| Task brief |
Exact copy, no pictures: take the lines of the listing below from the first through the one containing "Deze Skoda biedt".

| Material provided |
-- Opening Marker --
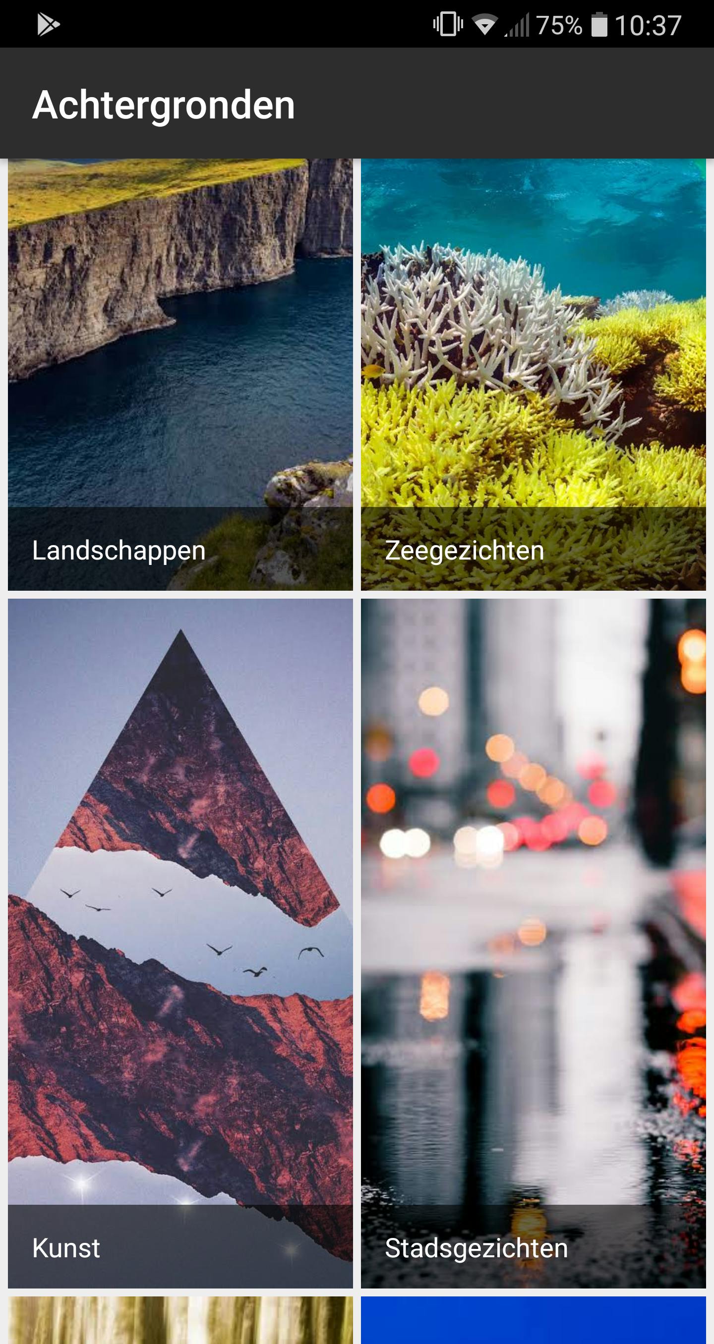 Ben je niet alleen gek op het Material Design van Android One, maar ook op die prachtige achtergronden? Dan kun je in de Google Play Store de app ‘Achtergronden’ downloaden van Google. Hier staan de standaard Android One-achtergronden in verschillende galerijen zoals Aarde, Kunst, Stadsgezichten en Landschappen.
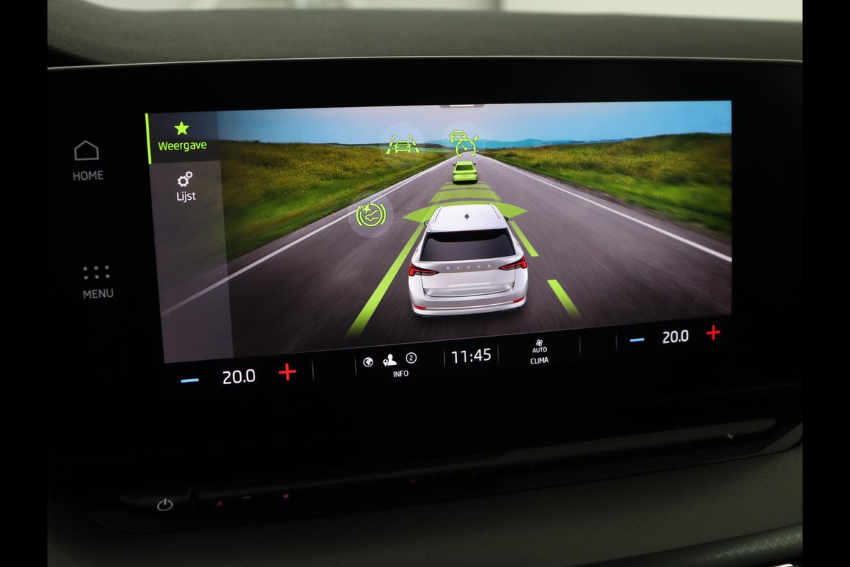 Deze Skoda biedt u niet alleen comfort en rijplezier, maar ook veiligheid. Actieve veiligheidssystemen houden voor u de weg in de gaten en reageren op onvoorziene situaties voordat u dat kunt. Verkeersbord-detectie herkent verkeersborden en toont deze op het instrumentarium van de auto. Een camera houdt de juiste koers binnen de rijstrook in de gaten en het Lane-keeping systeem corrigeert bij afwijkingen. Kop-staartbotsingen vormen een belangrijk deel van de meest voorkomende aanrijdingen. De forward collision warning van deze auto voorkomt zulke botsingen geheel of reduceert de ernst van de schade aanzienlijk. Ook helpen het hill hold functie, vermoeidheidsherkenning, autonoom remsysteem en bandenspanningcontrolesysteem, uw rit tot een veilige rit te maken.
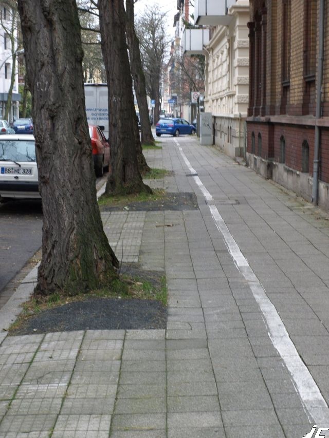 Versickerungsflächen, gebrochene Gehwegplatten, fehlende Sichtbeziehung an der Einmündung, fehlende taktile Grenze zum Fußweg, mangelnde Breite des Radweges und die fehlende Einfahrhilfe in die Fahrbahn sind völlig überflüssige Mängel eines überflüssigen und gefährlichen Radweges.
-- Closing Marker --
| Response to this exercise |
 Ben je niet alleen gek op het Material Design van Android One, maar ook op die prachtige achtergronden? Dan kun je in de Google Play Store de app ‘Achtergronden’ downloaden van Google. Hier staan de standaard Android One-achtergronden in verschillende galerijen zoals Aarde, Kunst, Stadsgezichten en Landschappen.
 Deze Skoda biedt u niet alleen comfort en rijplezier, maar ook veiligheid. Actieve veiligheidssystemen houden voor u de weg in de gaten en reageren op onvoorziene situaties voordat u dat kunt. Verkeersbord-detectie herkent verkeersborden en toont deze op het instrumentarium van de auto. Een camera houdt de juiste koers binnen de rijstrook in de gaten en het Lane-keeping systeem corrigeert bij afwijkingen. Kop-staartbotsingen vormen een belangrijk deel van de meest voorkomende aanrijdingen. De forward collision warning van deze auto voorkomt zulke botsingen geheel of reduceert de ernst van de schade aanzienlijk. Ook helpen het hill hold functie, vermoeidheidsherkenning, autonoom remsysteem en bandenspanningcontrolesysteem, uw rit tot een veilige rit te maken.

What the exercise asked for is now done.